» **Problem description**
Look through the entries below for the line with "表面の汚れをサンダーで削り落" and the line with "Μετά το ράλι, ο", then give again exactly those two lines and all lines between them, minus the pictures.

» **Data extracts**
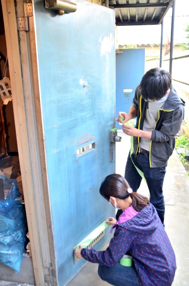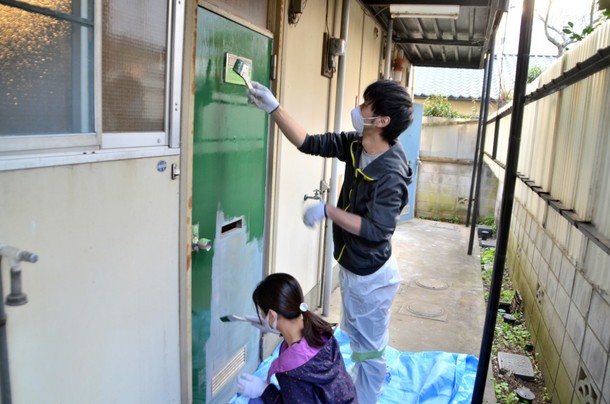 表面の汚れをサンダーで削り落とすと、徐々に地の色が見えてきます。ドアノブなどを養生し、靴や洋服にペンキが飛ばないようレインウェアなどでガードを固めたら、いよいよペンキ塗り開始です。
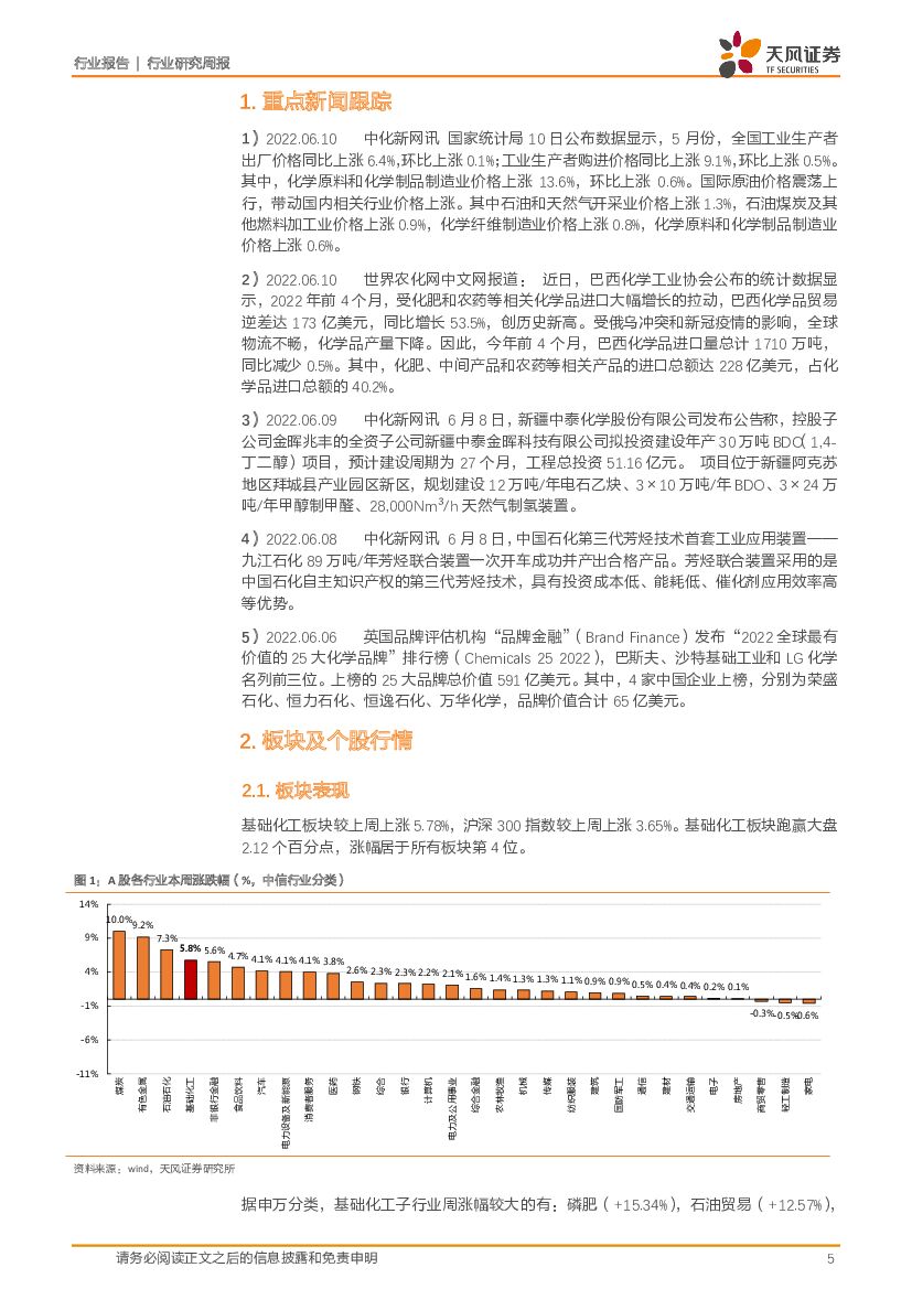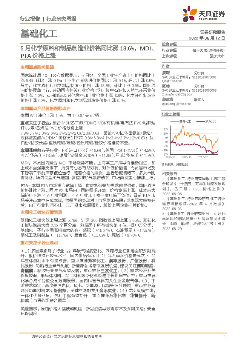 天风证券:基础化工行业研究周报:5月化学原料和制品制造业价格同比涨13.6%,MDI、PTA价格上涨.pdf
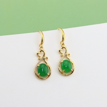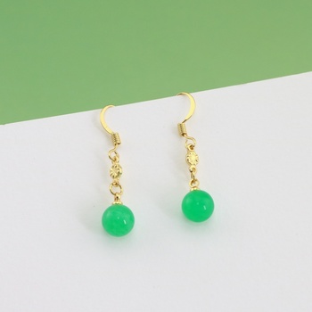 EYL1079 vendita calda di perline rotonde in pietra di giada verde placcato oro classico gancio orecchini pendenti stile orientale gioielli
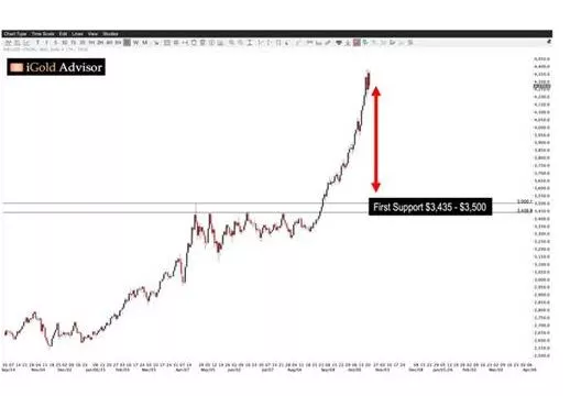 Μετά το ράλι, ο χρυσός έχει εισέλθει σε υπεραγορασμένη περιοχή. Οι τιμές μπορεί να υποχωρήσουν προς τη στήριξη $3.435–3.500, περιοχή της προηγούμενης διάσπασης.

--

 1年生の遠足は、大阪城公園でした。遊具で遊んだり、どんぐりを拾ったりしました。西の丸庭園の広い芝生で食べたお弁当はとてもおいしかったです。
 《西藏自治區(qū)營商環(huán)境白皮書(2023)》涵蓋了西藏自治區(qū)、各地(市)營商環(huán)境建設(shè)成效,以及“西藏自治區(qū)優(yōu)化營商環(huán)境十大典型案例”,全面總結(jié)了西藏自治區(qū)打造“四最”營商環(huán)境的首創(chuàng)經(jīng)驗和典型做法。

---

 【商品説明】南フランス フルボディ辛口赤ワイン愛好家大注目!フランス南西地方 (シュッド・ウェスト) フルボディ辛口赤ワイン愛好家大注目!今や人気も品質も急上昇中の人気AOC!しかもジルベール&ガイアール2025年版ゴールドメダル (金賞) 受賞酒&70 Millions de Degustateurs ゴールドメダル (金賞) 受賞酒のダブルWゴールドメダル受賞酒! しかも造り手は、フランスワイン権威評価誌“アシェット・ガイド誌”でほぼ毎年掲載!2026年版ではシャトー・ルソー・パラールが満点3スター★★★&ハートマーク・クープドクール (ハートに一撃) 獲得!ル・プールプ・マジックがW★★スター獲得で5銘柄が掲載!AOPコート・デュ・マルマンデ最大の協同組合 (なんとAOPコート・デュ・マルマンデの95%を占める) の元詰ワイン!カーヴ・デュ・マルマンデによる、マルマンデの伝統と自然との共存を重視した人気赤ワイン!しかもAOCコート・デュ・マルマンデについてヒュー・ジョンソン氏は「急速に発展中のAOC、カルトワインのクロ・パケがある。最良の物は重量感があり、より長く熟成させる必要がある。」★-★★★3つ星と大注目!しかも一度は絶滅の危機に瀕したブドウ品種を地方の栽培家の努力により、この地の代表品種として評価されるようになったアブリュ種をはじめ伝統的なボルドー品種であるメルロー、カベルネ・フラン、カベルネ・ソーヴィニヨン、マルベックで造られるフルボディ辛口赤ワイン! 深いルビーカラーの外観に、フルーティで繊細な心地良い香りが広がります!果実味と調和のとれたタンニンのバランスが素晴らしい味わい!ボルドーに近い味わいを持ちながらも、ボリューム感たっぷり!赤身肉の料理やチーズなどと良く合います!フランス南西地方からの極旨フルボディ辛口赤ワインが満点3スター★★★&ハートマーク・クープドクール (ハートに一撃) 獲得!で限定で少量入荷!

» **Response to the exercise**
 表面の汚れをサンダーで削り落とすと、徐々に地の色が見えてきます。ドアノブなどを養生し、靴や洋服にペンキが飛ばないようレインウェアなどでガードを固めたら、いよいよペンキ塗り開始です。
 天风证券:基础化工行业研究周报:5月化学原料和制品制造业价格同比涨13.6%,MDI、PTA价格上涨.pdf
 EYL1079 vendita calda di perline rotonde in pietra di giada verde placcato oro classico gancio orecchini pendenti stile orientale gioielli
 Μετά το ράλι, ο χρυσός έχει εισέλθει σε υπεραγορασμένη περιοχή. Οι τιμές μπορεί να υποχωρήσουν προς τη στήριξη $3.435–3.500, περιοχή της προηγούμενης διάσπασης.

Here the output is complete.